Large number of Craig Bampton modes for flexible floating systems
I'm simulating one floating offshore wind turbine as follows:
The floating plaform and tower (not shown in the above image) are modeled in SubDyn. For this numerical model, I use the new rigid-body reference point available in SubDyn.
The system uses horizontal pretensioned lines included in MAP++.
When considering a wave-only condition with a regular wave applied along the x-direction, I can observe that the loads within the platform are quite sensitive to the number of Craig Bampton modes included in SubDyn. This seems to be specially true for the axial and vertical forces. See the loads at the upwind and downwind pontoons below.
Edit: the wave spectrum has been low-pass filtered with a cut-off frequency = 0.5 Hz. Time step used for the solver: Nmodes = 8 (dt = 0.01 s), Nmodes = 15 (dt = 0.01 s), Nmodes = 50 (dt = 0.01 s), Nmodes = 75 (dt = 0.0025 s), Nmodes = 100 (dt = 0.0025 s), and Nmodes = 125 (dt = 0.001 s).
I understand that the static-improvement method treats higher-frequency modes quasi-statically. As can be observed above, in this system a large number of modes (~100) has to be included to have close to a converged solution. For reference, the total number of DOFs in the structure is 180.
For these simulations I'm using the OpenFAST tight-coupling (current OpenFAST dev-tc). When accounting for a strip theory approach for the hydro, I can solve 2500 seconds of simulation in 17 h (in a powerful computer) using 100 modes in SubDyn and a time step of 0.001 s for the solver. However, for a hydro model that uses potential flow, the same simulation increases the computational time to 28 days. I understand that this very large computational time when using potential flow bodies is related to this issue: https://github.com/OpenFAST/openfast/issues/2936#issue-3274754248.
I'm wondering if there is any workaround or solution for this.
Dear @RBergua,
I'm a bit surprised to see this sensitivity to the number of Craig-Bampton modes. What are the natural frequencies of the Craig-Bampton modes for modes 8, 15, 50, 75, 100, and 125?
Best regards,
Dear @jjonkman,
Below you can find the frequencies of the Craig-Bampton (CB) modes: Mode 8: 4.4 Hz Mode 15: 13.4 Hz Mode 50: 65.9 Hz Mode 75: 158.3 Hz Mode 100: 436.9 Hz Mode 125: 1168.8 Hz
As commented above, the system has 180 DOFs. The Guyan modes include 12 DOFs (I use the rigid-body reference point formulation in SubDyn). So, the total CB modes are 168. Below you can see the distribution of these modes:
All these frequencies are much higher than the highest excitation in my system (regular waves with a frequency of 0.074 Hz).
What is interesting and how I realized about this sensitivity is because the axial load along the pontoon presents a phase shift when not enought modes are included in the numerical model.
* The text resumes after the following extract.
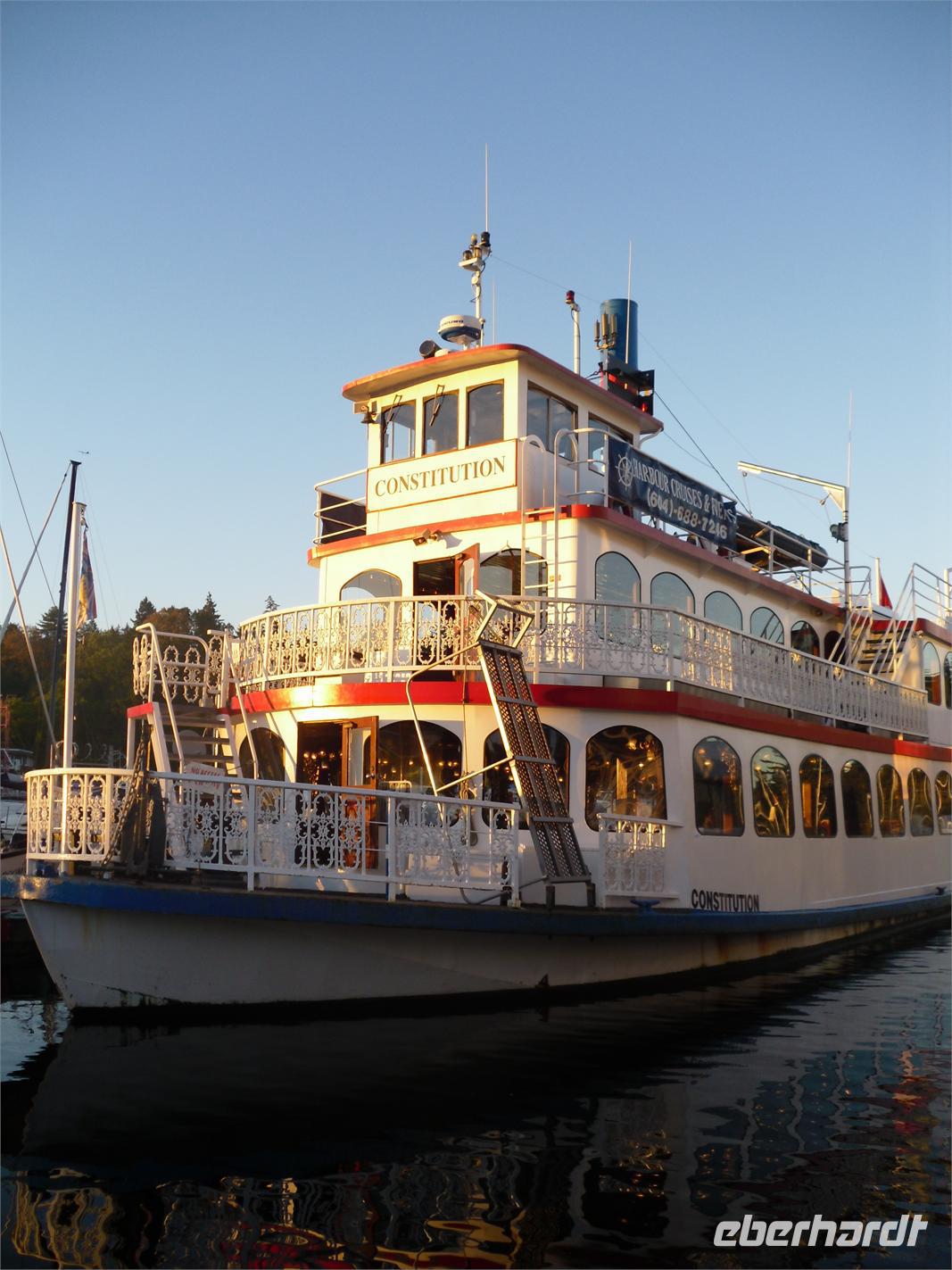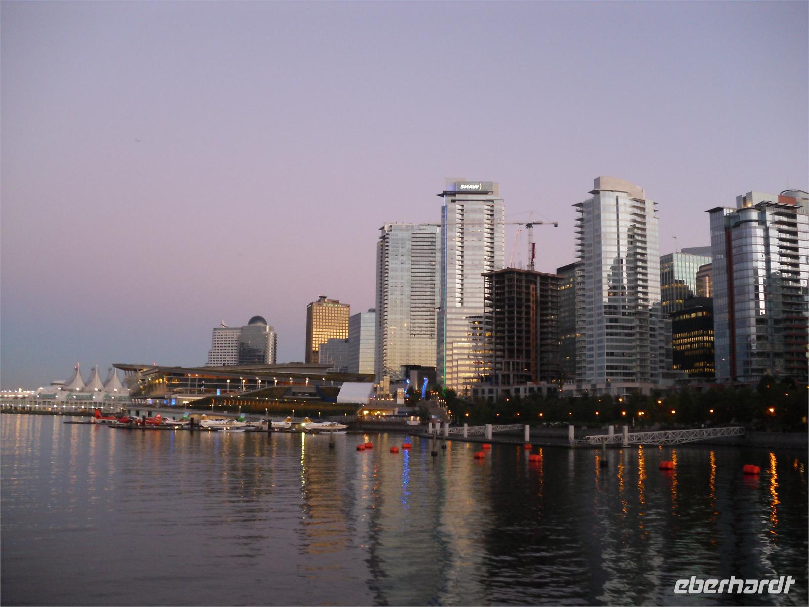 Am Nachmittag treffen wir wieder im Hotel ein. Bis zum Abendessen haben wir noch zwei Stunden Freizeit. Am Abend fahren wir mit dem Bus zum Hafen, um an der Sunset Dinner Cruise teilzunehmen. Wir sind im oberen Teil des Bootes „Constitution" untergebracht und können es kaum erwarten, in den Sonnenuntergang zu fahren. Wir bedienen uns vom leckeren Buffet. Es stehen verschiedene Salate, Lachs, Rinderbraten, Reis und Kartoffeln zur Auswahl. Leider ist der Kuchen, vor allem Schoko, sehr schnell vergriffen. Die Deutschen essen allen die Haare vom Kopf. Diesen Eindruck muss so manch kanadischer Koch gehabt haben. Das Essen wird allerdings zur Nebensache, wenn man sich die beeindruckende Skyline Vancouvers anschaut. Die Stadt ist vom Wasser aus einfach wunderbar anzuschauen, vor allem, wenn sie sich so schön ins Abendlicht hüllt. Wir genießen die vielen herrlichen Aussichten bei netter Live-Musik. Die 3 ½ Stunden gehen zügig vorbei und so holt uns Gerard am späten Abend wieder ab. An diesem Abend müssen wir uns bereits von ihm verabschieden, denn er fährt nach Calgary zurück.

If I compare the axial load at the tip vs the root for the upwind pontoon, I can see that almost the same axial load is observed in both locations when considering 8 modes (quite similar to a quasi-static approach):
However, when a large number of modes are included (e.g., 100), the axial force at these two locations presents a phase shift:
Below you can see the direct comparison between 8 and 100 modes at the pontoon root location:
Using a different software, I can see that the phase shift is indeed present and aligned with the SubDyn solution with a large number of modes. These results also agree better with experimental results.
I performed a small sentivity analysis regarding using or not using the rigid-body reference point in SubDyn. The results are quite interesting...
For the numerical model without the rigid-body reference point in SubDyn, I only have the interface joint at tower top. That's the point where ElastoDyn and SubDyn are connected.
In this case, when using Nmodes = 8 in SubDyn, I have the elastic modes up to 1.08 Hz. I can see that when not using the rigid-body reference point, I have the proper phase and amplitude. Although the response is quite noisy... This is also quite surprising because the frequency range that I include now is smaller (1.08 Hz now vs 4.4 Hz before).
@luwang00 any clue what may be the difference with vs without rigid-body reference point?
Hi @RBergua, thanks for documenting this. It is not immediately clear what could be causing the difference. A review of the implementation of the static improvement method in dev-tc did not raise any obvious concerns.
It is possible the introduction of additional elastic Guyan boundary modes (for unit deflection of the transition pieces) with rigid-body reference point somehow changed the rate of convergence with the number of Craig-Bampton modes retained. At the very least, we should change the recommendation on the number of CB modes to be retained and suggest a convergence test.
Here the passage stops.